Drive
Petit polar bien noir, qui pourrait tout aussi bien être coréen tant le héros est taiseux. Ce héros, "Driver", est cascadeur; il double pour le cinéma des poursuites et des accidents de bagnole, et il travaille dans un garage dont le patron, pour tout sympathique qu'il soit, n'en a pas moins des relations fort louches. Et, la nuit, il conduit les truands qui vont commettre des casses, à deux conditions: il ne se mèle pas du casse, il n'est pas armé. Just, drive.... Voilà une vie bien organisée, une vraie vie de fonctionnaire.

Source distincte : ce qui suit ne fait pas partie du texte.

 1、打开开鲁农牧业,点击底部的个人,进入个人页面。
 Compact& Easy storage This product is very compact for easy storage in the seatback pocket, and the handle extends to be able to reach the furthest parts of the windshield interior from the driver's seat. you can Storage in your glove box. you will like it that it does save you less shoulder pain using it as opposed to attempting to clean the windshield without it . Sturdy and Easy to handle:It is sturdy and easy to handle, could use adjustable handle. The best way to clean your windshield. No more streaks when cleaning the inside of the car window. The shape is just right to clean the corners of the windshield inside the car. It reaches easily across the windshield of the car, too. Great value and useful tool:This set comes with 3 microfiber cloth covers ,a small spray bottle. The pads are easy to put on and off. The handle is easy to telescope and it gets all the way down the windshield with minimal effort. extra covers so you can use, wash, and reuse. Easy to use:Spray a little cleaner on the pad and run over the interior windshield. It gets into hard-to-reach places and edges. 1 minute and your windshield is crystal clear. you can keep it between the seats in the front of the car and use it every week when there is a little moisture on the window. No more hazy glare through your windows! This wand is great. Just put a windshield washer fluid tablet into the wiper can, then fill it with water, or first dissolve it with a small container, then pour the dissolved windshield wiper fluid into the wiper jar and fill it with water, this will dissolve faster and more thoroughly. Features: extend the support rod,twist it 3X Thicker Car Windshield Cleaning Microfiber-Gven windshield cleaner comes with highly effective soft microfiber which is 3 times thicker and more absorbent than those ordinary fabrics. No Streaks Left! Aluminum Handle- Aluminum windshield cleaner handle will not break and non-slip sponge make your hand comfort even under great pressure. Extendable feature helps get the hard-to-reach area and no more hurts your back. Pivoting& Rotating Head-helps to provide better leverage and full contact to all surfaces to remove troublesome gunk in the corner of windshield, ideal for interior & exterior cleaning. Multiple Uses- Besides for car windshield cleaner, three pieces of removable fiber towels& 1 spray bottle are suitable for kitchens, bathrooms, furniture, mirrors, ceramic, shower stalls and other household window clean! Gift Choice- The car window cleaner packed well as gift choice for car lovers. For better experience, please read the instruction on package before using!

Jusqu'au jour où il tombe amoureux d'Irène, sa nouvelle voisine de pallier (Carey Mulligan), une jeune mère de famille dont le mari vient de sortir de tôle, et est menacé par d'autres patibulaires à qui il doit beaucoup d'argent. Pour les beaux yeux de la minette, "Driver" va renoncer à ses principes.

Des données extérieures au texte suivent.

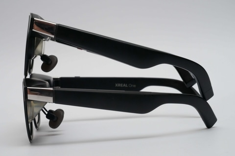 モバイルデバイスとしての使い勝手についても触れておこう。まずは装着感から。XREAL One Pro本体の実測重量は92g前後。一般的なメガネと比べれば4倍ほどの重さだが、ツルが細く、シリコン製の鼻パッドの当たりが優しいので、長時間装着していても疲れは少ない。目自体への疲れも、ノートPCやタブレットと大差ないと思う。個人的にはXREAL One Proを装着していたほうが、メガネやサングラスと同じように空調などの風が直接眼球に当たらないので、ドライアイ的症状は出にくいと感じている。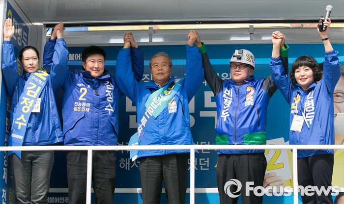 (서울=포커스뉴스) 20대 총선 공식선거 운동이 시작된 31일 오전 서울 장안동사거리에서 열린 민병두 더불어민주당 동대문을 후보 출정식에 참석한 김종인 비대위 대표 겸 선대위원장과 후보들이 손을 들어 포즈를 취하고 있다. 왼쪽부터 김정수 동대문마 구의원 후보 내외, 김 대표, 민 후보 내외.

C'est, par moment, brutal et sanglant -et le reste du temps, très calme. L'image est un peu terne, sans grand relief, peu de mots sont échangés, et la musique est douce, fluide, planante, comme celle qui accompagne les massages ayurvédiques. Tout cela crée une vraie atmosphère, un climat étrange et vraiment original. Mais le film doit énormément au remarquable Ryan Gosling, son masque impénétrable; il ressemble beaucoup, surtout de profil, au Tsar (le seul, le vrai, Serguei Bubka bien sûr!)
Ce jeune danois, Nicolas Winding Refn, est à suivre. j'espère qu'il ne se fâchera pas si je lui attribue le titre de coréen d'honneur!